The distinction is also relevant for treatment. Whereas dural fistulas are favorable for open surgery and intradural division of the draining vein, epidural fistulas are better served by endovascular embolization [6, 7]. Feeders to epidural fistulas also tend to be straight and more easily accessible using the endovascular route.

Classification of SDAVFs Based on the Advanced Images in Terms of the Embryological Origin of the Dura Mater

The higher definition images showed that typical SDAVFs had the shunt point on the lateral surface of the dura mater of the spinal canal, and it was more or less associated with the dura mater covering the nerve sleeve. The majority of SDAVFs are mainly supplied by meningeal branches from the radiculomeningeal artery. These meningeal branches anastomose vertically and drain into the single intradural vein, which typically forms horizontal T sign on a frontal view of spinal angiography and CBCT. It is generally thought that SDAVFs are located at the dura mater of the spinal nerve root sleeve and drain into the radiculomedullary vein. In normal anatomy, the drainage veins from the spinal cord, called radiculomedullary veins, run along the nerve root and penetrate the dura at the spinal nerve root sleeve. These radiculomedullary veins are found in 60% of the healthy population [8]. The remaining 40% show venous drainage of the spinal cord via the bridging vein, which runs apart from the nerve root and pierces the dura mater of the spinal cord to join the epidural venous plexus. SDAVFs can involve either the radiculomedullary vein or the bridging vein [2, 3, 5]. The dura mater at the level of the spinal cord are derived from the neural crest cell and consist of the single layer of dura propria, while the intracranial dura mater consists of dura propria and periosteal dura [10,11,12,12]. Thus, the characteristics of the dura mater of spinal cord are similar to the dura mater of crista galli (olfactory groove), falx cerebri, tentorium cerebelli, and falx cerebelli, because these dura maters consist only of the dura propria [14,15,16,16]. Additionally, those dura maters (dura propria) have the same origin of neural crest cell, while the convexity area of intracranial dura mater might derive from paraxial mesoderm, according to recent studies based on the immunostaining analysis of experimental model [10, 14, 18,19,19].

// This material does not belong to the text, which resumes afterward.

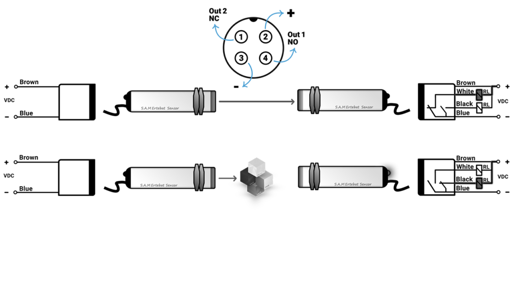پین 1 برای ولتاژ مثبت تغذیه، پین 3 برای ولتاژ منفی تغذیه و پین 4 برای سیگنال خروجی نرمال باز NO سنسور و پین 4 برای سیگنال خروجی نرمال بسته NC سنسور می باشد.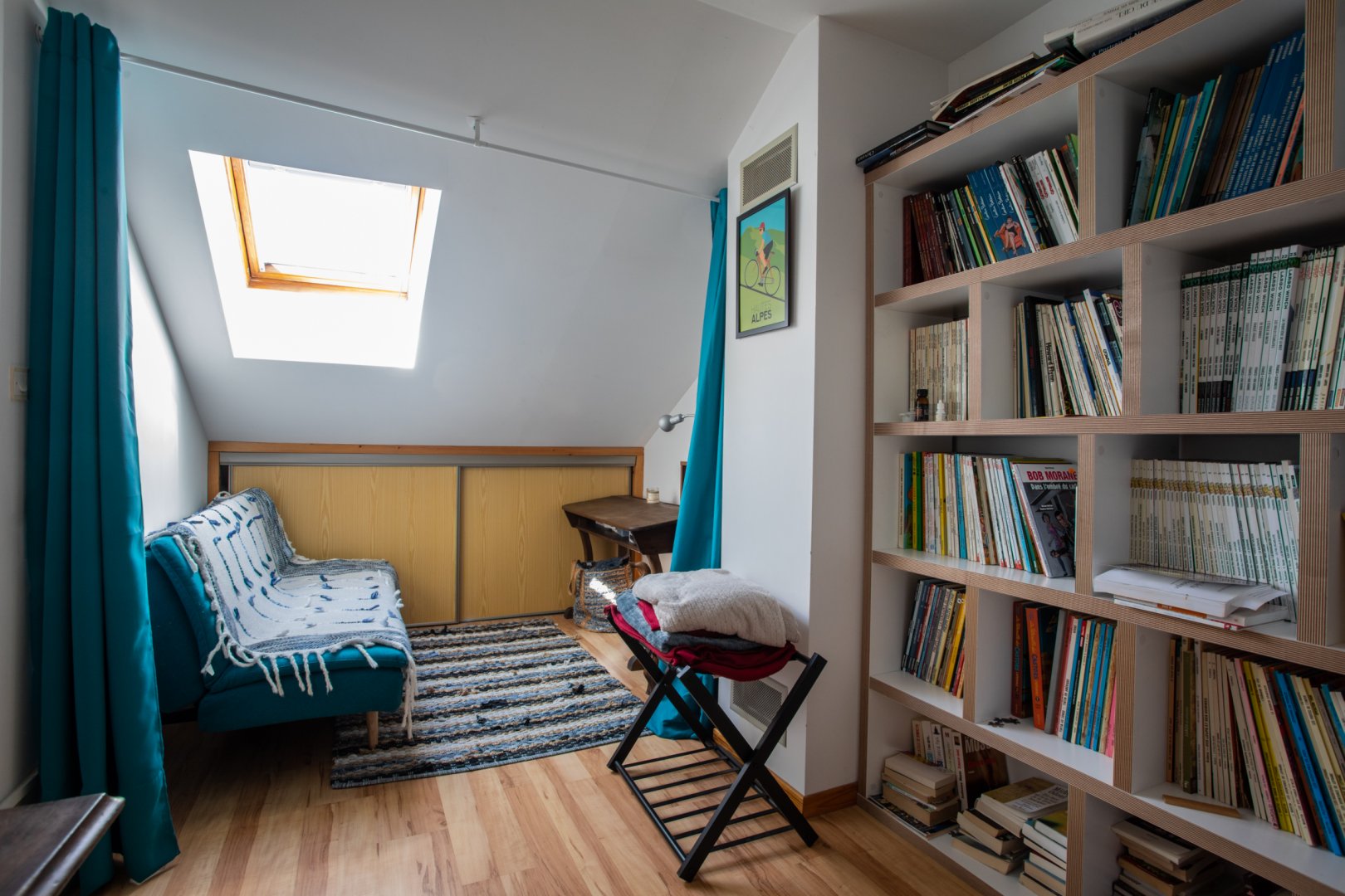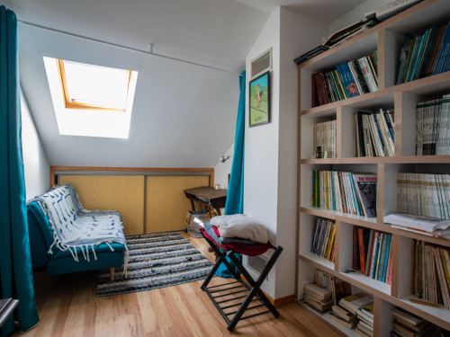 - coin bibliothèque (centaines de BD disponibles) avec canapé convertible -

Three-dimensional angiography, particularly multiplanar reconstruction images with CBCT, is quite useful for evaluating the microangioarchitecture of SDAVFs. This modality showed the exact localization of the shunt point. There are certain susceptibilities to the formation of the shunt on the lateral surface of the spinal canal, which is frequently independent from the nerve sleeves. The vulnerability of the dura mater might be associated with the fact that dura mater in the spinal canal consists only of the dura propria and derives from neural crest. SDAVFs and intracranial DAVFs located on the dura mater of the falco-tentorial, olfactory groove, falx cerebri, and tentorium cerebelli might belong to the same anatomical entity and they are composed only of the dura propria derived from neural crest.